By default, DbTypeCheck retrieves the table definition from the database using the specified TableName and ConnectionManager. However, you can specify your own table definition, particularly useful when only specific columns need validation. For instance, you might use TableDefinition.FromTableName to obtain the complete table definition from an existing table and then modify it as required.

Flawed Record Handling

Records that align with the table’s schema are redirected using the standard LinkTo(..) method. Flawed records can be rerouted using the LinkFlawedTo(IDataFlowDestination<TInput>) method. Omitting LinkFlawedTo(..) causes flawed records to throw an exception, potentially halting the data flow upon encountering a flawed record. Alternatively, using the default LinkErrorTo(..) method allows records that trigger exceptions to be rerouted as ETLBoxError into an error data flow.

Column Mapping

Column mapping in DbTypeCheck mirrors the approach used in DbDestination. It is advisable to use the same column mapping for DbTypeCheck as in your DbDestination.

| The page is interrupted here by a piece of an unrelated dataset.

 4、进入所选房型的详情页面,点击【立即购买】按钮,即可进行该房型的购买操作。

The mapping can be defined either through attributes on a POCO (as in the earlier example) or by passing an array to the ColumnMapping attribute for dynamic objects.

var check = new DbTypeCheck(SqlConnection, tableName);
var dest = new DbDestination(SqlConnection, tableName);
var colMap = new[] {
    new DbColumnMap() { DbColumnName = "IntCol", PropertyName ="SomeInt"},
    new DbColumnMap() { DbColumnName = "StringCol", PropertyName ="SomeString"},
};
dest.ColumnMapping = colMap;
check.ColumnMapping = dest.ColumnMapping;

Additional Configuration

Include Identity Columns

If you aim to overwrite existing identity columns (a.k.a auto-increment or serial columns) in your target table, DbTypeCheck allows you to include identity columns in your type check.

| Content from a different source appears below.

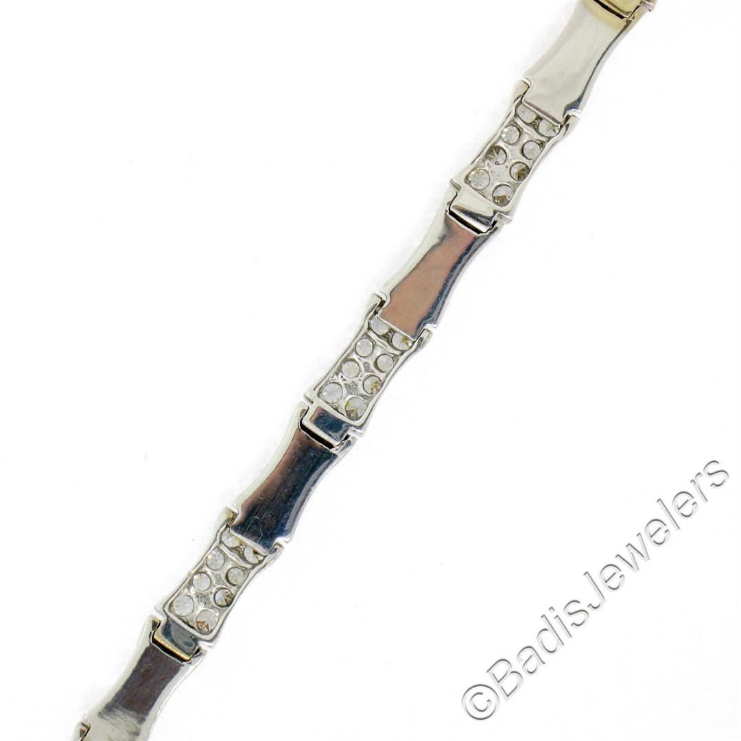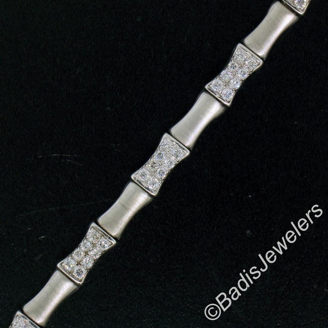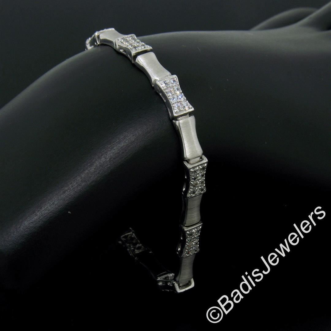 A like new 14kt white gold chain bracelet with 1.20ctw of round diamonds (F/G - VS1/VS2) set into stations which alternate with finely brushed concave links. It weighs a total of 10.71 grams, measures 5.0mm wide, and measures 7.5 inches long.

var check = new DbTypeCheck<MyRow>(SqlConnection, tableName);
check.IncludeIdentityColumn = true;
var dest = new DbDestination<MyRow>(SqlConnection, tableName);
dest.AllowIdentityInsert = true;

AllPropertiesMustMatch

When set to true, this option marks a row as flawed if any property in the record does not correspond to a table column.

CustomCheck

After the default type checks, you can define your custom criteria. For example, a record could be flagged as flawed if its Id value is 0 or negative.

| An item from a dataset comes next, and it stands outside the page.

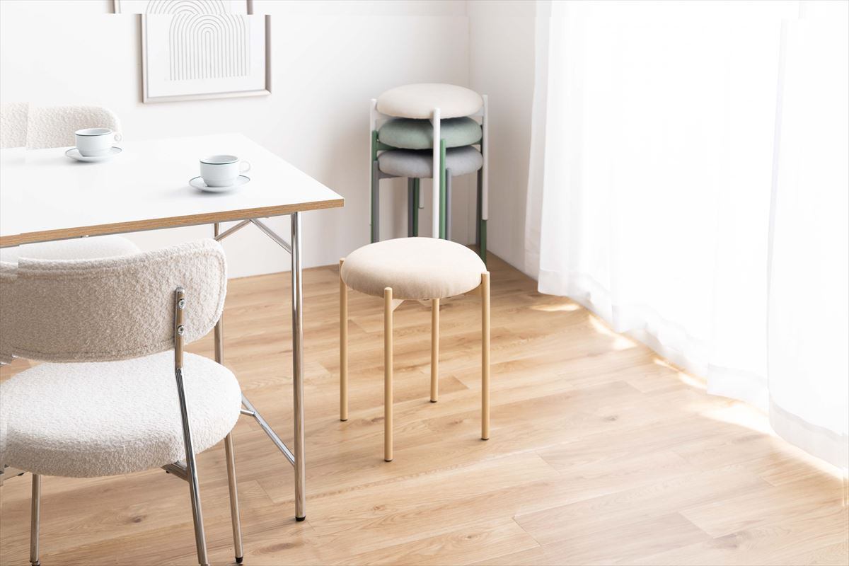 ラウンド型で座面と脚部の配色にこだわった『Mael(マエル)』スタッキングスツール

var check = new DbTypeCheck<MyRow>(SqlConnection, tableName);
check.CustomCheck = row => row.Id > 0;

IncludeCharLength and IncludeBinaryLength

These checks apply to CHAR/VARCHAR and BINARY/VARBINARY columns, respectively. By default, if a value’s length exceeds the maximum length of the corresponding column, the record is identified as flawed.

Example

public class MyDataTypeRow
{
    public int Id { get;set;}

    [DbColumnMap("IntCol")]
    public Int32? SomeInt { get; set; }

    [DbColumnMap("StringCol")]
    public string SomeString { get; set; }
}

//Creating a demo tables with 3 columns:
string tableName = "dbtypecheck_example";
var tableCols = new List<TableColumn> {
    new TableColumn("Id", "INT", allowNulls: false, isPrimaryKey: true, isIdentity:true),
    new TableColumn("IntCol", "INT", allowNulls: false),
    new TableColumn("StringCol", "VARCHAR(5)", allowNulls: true),    
};
DropTableTask.DropIfExists(connection, tableName);
CreateTableTask.CreateIfNotExists(connection, tableName, tableCols);

//Defining demo data
var source = new MemorySource<MyDataTypeRow>(
    new List<MyDataTypeRow>() {
            //Record will pass
            new MyDataTypeRow() {
                SomeInt = 1,
                SomeString = "OK",
            },
            //Will fail, StringCol exceed max length of VARCHAR(5)
            new MyDataTypeRow() {
                SomeInt = 2,
                SomeString = "TO_LONG",
            },
            //Will fail, IntCol does not allow null 
            new MyDataTypeRow() {
                SomeInt = null, 
                SomeString = "X",
            },
            //Will fail, CustomCheck requires SomeInt to be greater than 0
            new MyDataTypeRow() {
                SomeInt = -1, 
                SomeString = "X",
            }
    });

//Create the components
DbTypeCheck<MyDataTypeRow> check = new DbTypeCheck<MyDataTypeRow>(SqlConnection, tableName);
check.CustomCheck = row => row.SomeInt > 0;
DbDestination<MyDataTypeRow> dest = new DbDestination<MyDataTypeRow>(connection, tableName);
MemoryDestination<MyDataTypeRow> flawedRowsDest = new MemoryDestination<MyDataTypeRow>();

//Initializing the network
source.LinkTo(check);
check.LinkTo(dest);
check.LinkFlawedTo(flawedRowsDest);

//Running the network
Network.Execute(source);

Dynamic Object Support

DbTypeCheck, like all ETLBox components, supports both strongly-typed objects (e.g., DbTypeCheck<MyRow>) and dynamic ExpandoObject (either DbTypeCheck<ExpandoObject> or DbTypeCheck).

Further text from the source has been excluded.